Cholesterol-Induced Structural Changes in Saturated Phospholipid Model Membranes Revealed through X-ray Scattering Technique.

Lateral and out-of-plane organization of cholesterol and its effect on regulating the physicochemical properties of zwitterionic phospholipid model membranes have been investigated by a pressure-area isotherm study from the Langmuir monolayer, atomic force microscopy (AFM), and X-ray reflectivity (XRR) measurements from supported binary monolayer films. The systematic isotherm studies on the Langmuir monolayer of phospholipids and the subsequent extraction of excess Gibbs free energy (ΔG) revealed the mechanism of cholesterol interaction and the molecular cooperativeness for different arrangements in the phospholipid model membranes. We have found a critical cholesterol molar concentration (χ) up to which the lipid-cholesterol miscibility gradually increases and then further increase in the concentration leads to an inhomogeneous structure formation similar to raft structures. The thickening in the lipid acyl chain and the subsequent lowering of the lipid head group thickness up to χ are also evident from the XRR study.

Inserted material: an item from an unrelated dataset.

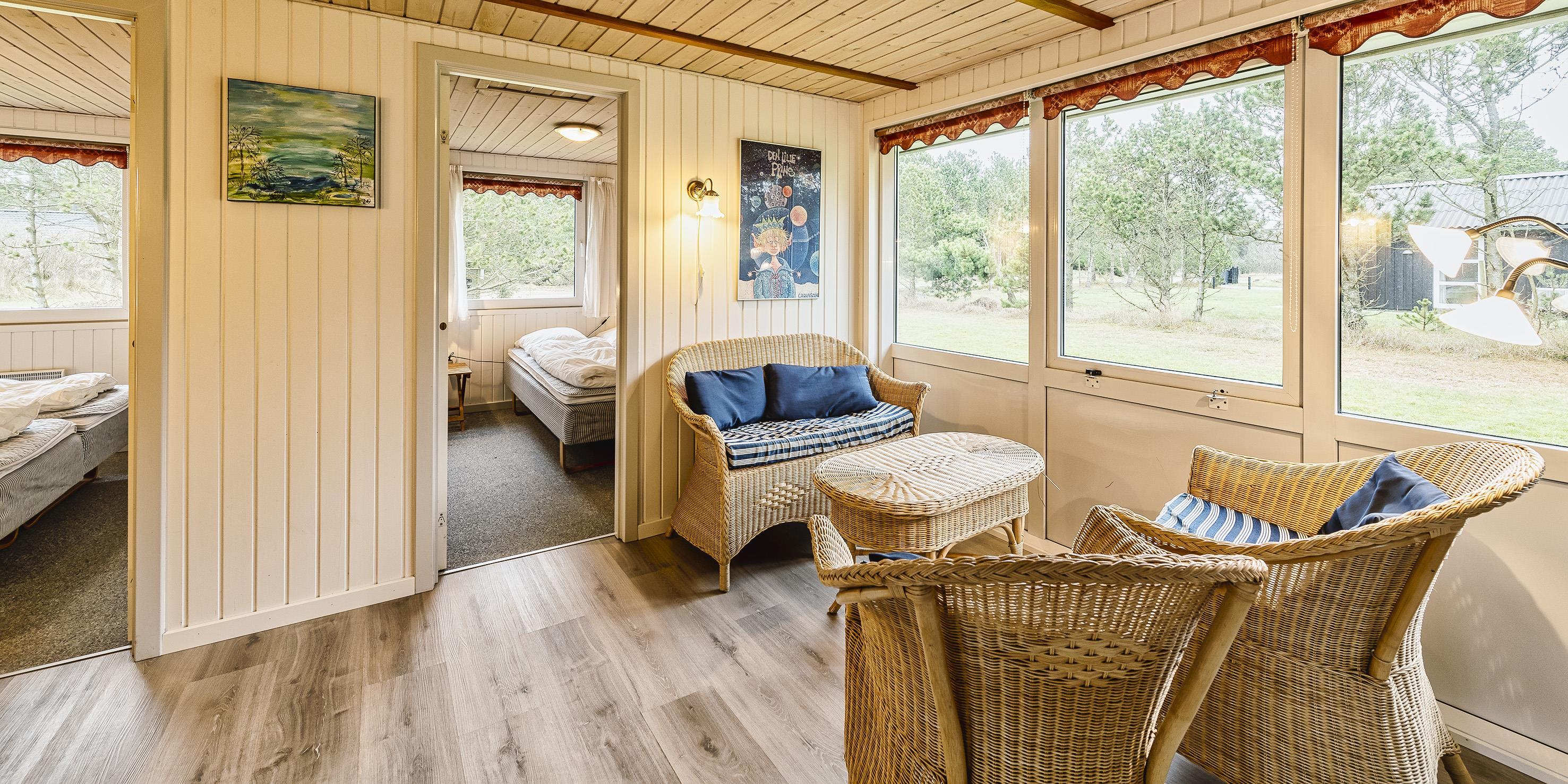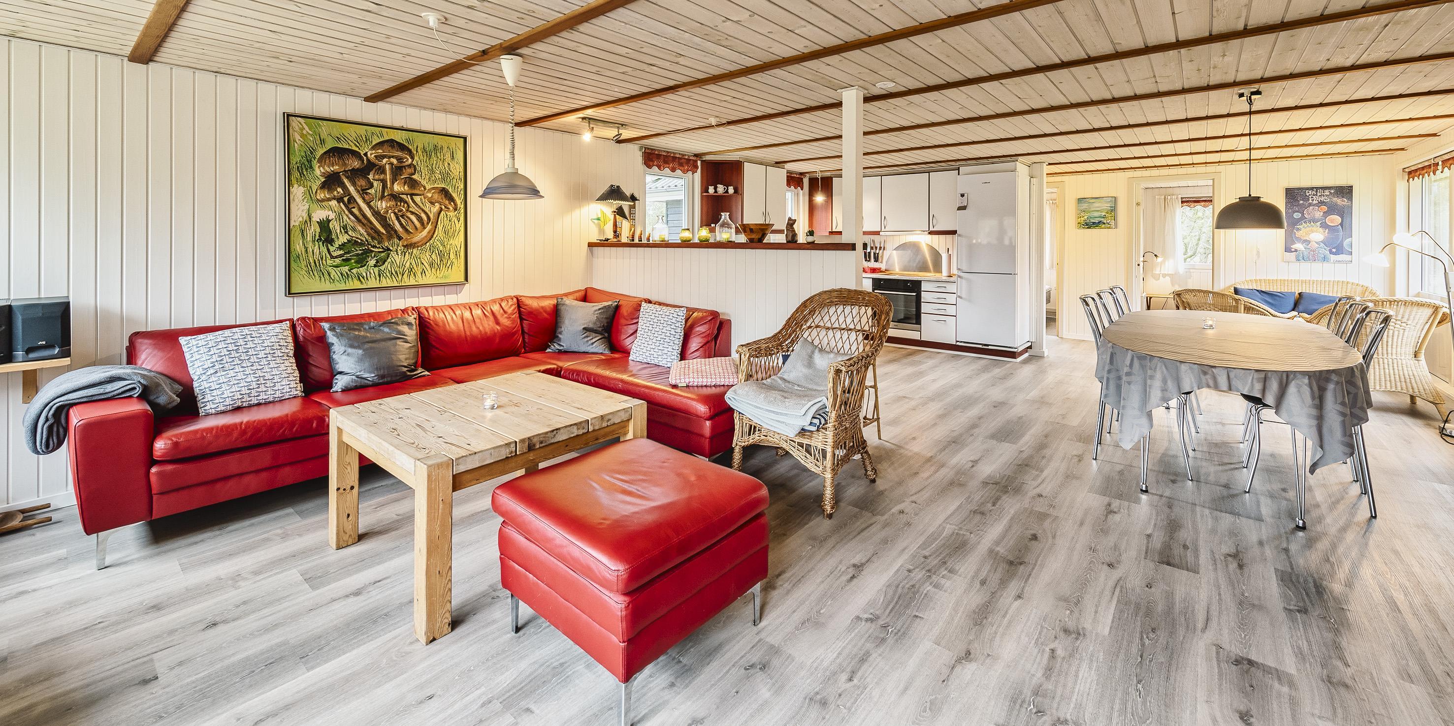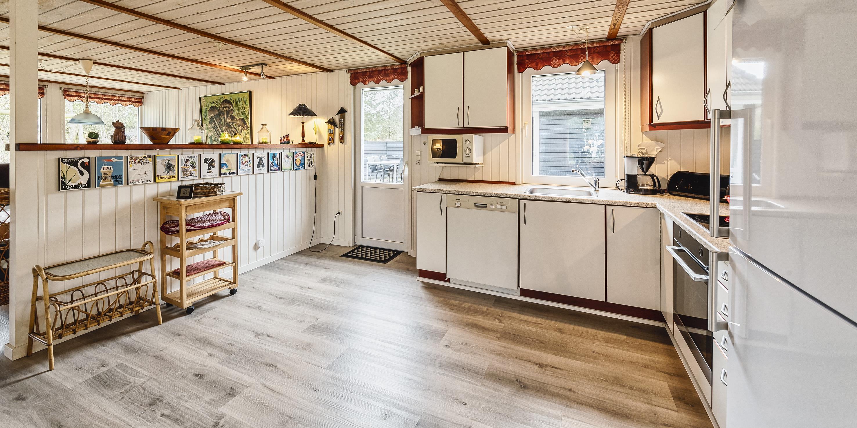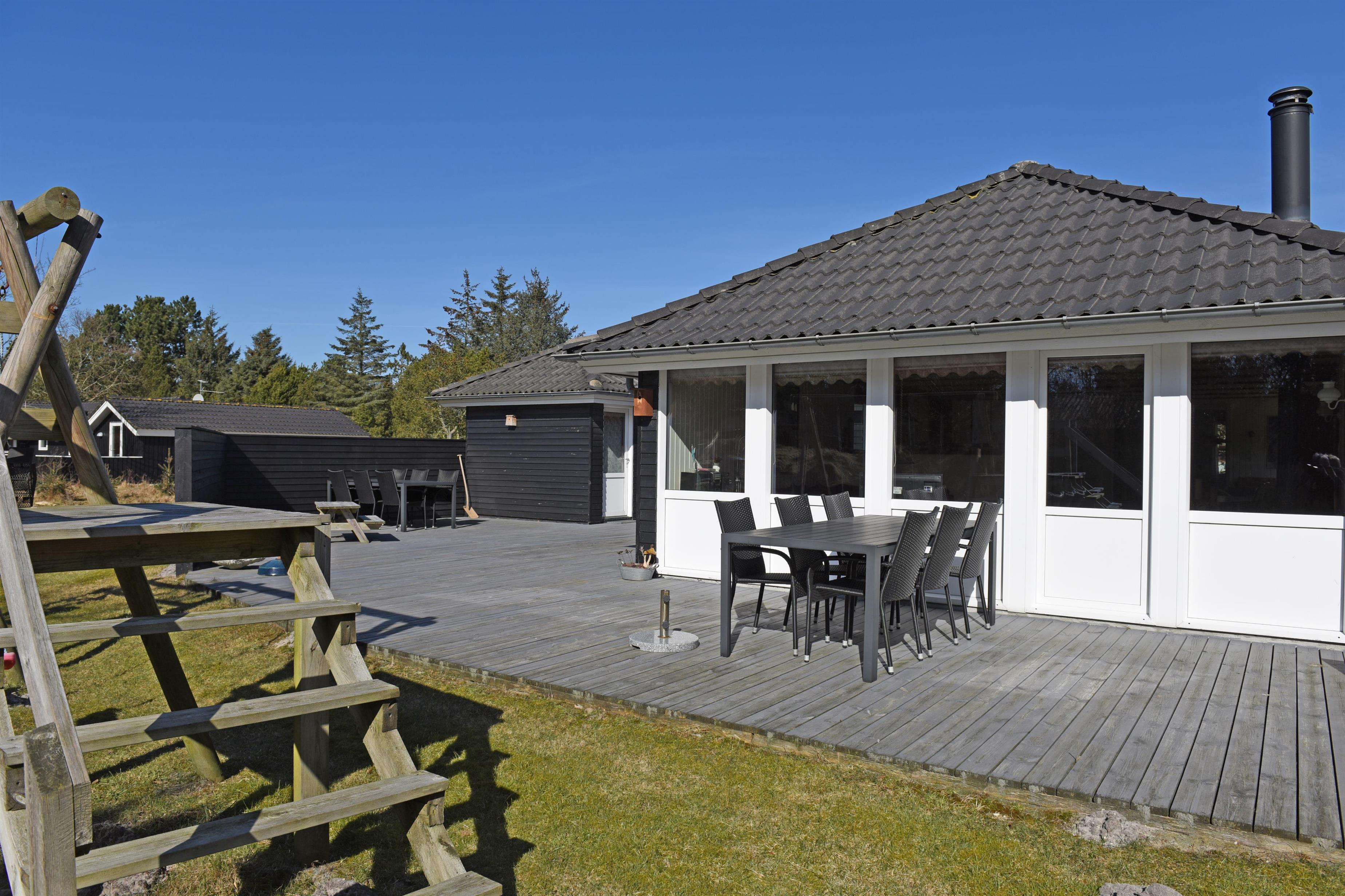 Flottes und gemütliches Ferienhaus mit Namen "Fyrrely" auf einem schönen großem geschlossenem Grundstück in Waldlage gelegen. Das Ferienhaus ist für 4-6 Personen ausgestattet. Der Strand ist ca. 1,8 Km vom Haus entfernt. Der Wohnbereich ist zur Küche und dem Speiseplatz hin offen gehalten. Im Wohnbereich befindet sich ein Kamin, der sich gegenüber der Rundsitzecke befindet. Er strahlt eine gemütliche Wärme aus. Eine kleine gemütliche Sitzecke mit Korbsesseln lädt zum verweilen ein. Es befindet sich eine Warmepumpe im Ferienhaus. Mit dieser Warmepumpe haben sie die Möglichkeit die Stromkosten zu senken, denn die Warmepumpe ist energiesparend. Das Fernsehprogramm empfangen Sie über eine Parabolantenne. Die großzügige Küche verfügt über einen Herd mit Cerankochfeld, einem Backofen, eine Geschirrspülmaschine, eine Mikrowelle und einer Kühl- und Gefrierkombination. Das Badezimmer verfügt über ein Handwaschbecken, ein WC, eine Dusche und einen Whirlpool. Es stehen den Gästen drei Schlafzimmer zur Verfügung: DB + DB + DB. In dem Technikraum im Ferienhaus steht Ihnen eine Waschmaschine zur Verfügung, unter anderem ist dort auch der Warmwasserbehälter untergebracht. Am Haus befindet sich eine große Holzterrasse und bietet allen Gästen genügend Platz um auch mal Ihr Sonnenbad geniessen zu können. Für die Kleinen Gäste steht auf dem Grundstück ein Schaukel/Klettergerüst und eine Sandkiste zum Spielen bereit. Das Ferienhaus verfügt über einen Internetanschluss (W-Lan). Nicht-raucher Haus. Es sind max. 2 Haustiere erlaubt. Das Ferienhaus ist 1968 erbaut worden und ca. 2005 umgebaut worden.

Beyond χ, large-sized domains are observed in the AFM images from the deposited monolayer. χ has also been observed to depend on the phase of the monolayer, in particular, ∼25 molar % in the gel phase and ∼40 molar % in the fluid phase, wherein a regular distribution has been found with the highest separation between the cholesterol molecules. The extracted isothermal compressibility coefficient (C) and ΔG from the monolayer isotherms indicate that the molecular arrangement at χ are the most stable configurations of the monolayer. Our study provides direct evidence into cholesterol-induced evolution in phase behavior and the consequent model on the structure at different phases in the phospholipid Langmuir monolayers.